In 1961, the United States was in a position of weakness in spaceflight by comparison to the Soviet Union. However, President John F. Kennedy had no intention of allowing the nation to remain mired in the existing situation. After months of careful study and quietly working with the best technical minds in the country, the president was about to reveal his decision. The last part of the president’s “Urgent National Needs” speech, delivered to a joint session of Congress on May 25, 1961, called or an all-out American effort to alter current circumstances.

He called for a firm promise for a new course of action over an extended period of time. “I believe that this nation should commit itself to achieving the goal, before the decade is out, of landing a man on the Moon and returning him safely to the Earth. … This decision demands a major national commitment of scientific and technical manpower, material and facilities, and the possibility of their diversion from other important activities where we are already thinly spread. It means a degree of dedication, organization and discipline, which have not always characterized our research and development efforts.”

In summing up this initiative, Kennedy requested “every scientist, engineer, serviceman, technician, contractor and civil servant to personally pledge that the nation will move forward, with the full speed of freedom, in this exciting adventure of space.” He knew the risks involved; nevertheless, Kennedy was willing to commit the nation’s resources to the National Aeronautics and Space Administration (NASA) and the civil space program. Thus, Project Apollo was born.

Even before taking office, Kennedy called upon Jerome B. Wiesner from the Massachusetts Institute of Technology to head an ad hoc committee. This group concluded that the issue of national prestige was too great to relinquish it to Soviet leadership in space, and that the United States would have to enter the field in a significant way. But it was a dicey enterprise. What if the Soviets were to beat us to the punch?
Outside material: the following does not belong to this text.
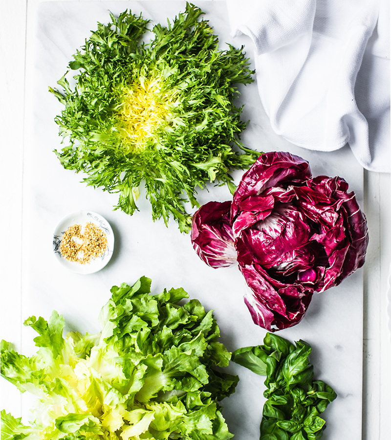 - 1-2 cups assorted winter chicories like frisée, endive and radicchio

They already had twice twisted our tail in space, starting with Sputnik and the dawn of the Space Age.

The president, in close consultations with Vice President Lyndon B. Johnson (LBJ), had his finger on the pulse of Congress. Johnson also chaired the National Aeronautics and Space Council. Kennedy sought from the council a recommended course of action and strategy to overtake the Soviets in space. In a memorandum, the president asked LBJ to consider a lunar landing program. “Do we have a chance of beating the Soviets by putting a laboratory in space, or by a trip around the Moon, or by a rocket to go to the moon and back with a man?” Kennedy inquired. “Is there any other space program that promises dramatic results in which we could win?”

In 1961, a lunar landing was believed far beyond the scientific and technological capabilities of either nation. Thus, the early Soviet lead in space could not predetermine this outcome, giving the United States a reasonable way to recover a measure of lost status, a NASA analysis reasoned.

Meanwhile, Hugh L. Dryden, NASA’s deputy administrator, responded to a request for information from the space council about a lunar program by writing that there was “a chance for the United States to be the first to land a man on the Moon and return him to Earth, if a determined national effort is made,” according to NASA historians. He added that the earliest this feat could be accomplished was 1967, but that it would cost about $33 billion, a figure $10 billion higher than the whole projected NASA budget for the next 10 years.

Almost simultaneously, Wernher von Braun, director of NASA’s George C. Marshall Space Flight Center, Huntsville, Alabama, and head of the “big booster” program so necessary for a lunar effort, responded in a memorandum to a similar request from the vice president. “We have a sporting chance of sending a three-man crew around the Moon ahead of the Soviets” and “an excellent chance of beating the Soviets to the first landing of a crew on the Moon, including return capability, of course.” With an all-out crash program the United States could achieve a landing by 1967 or 1968, von Braun wrote.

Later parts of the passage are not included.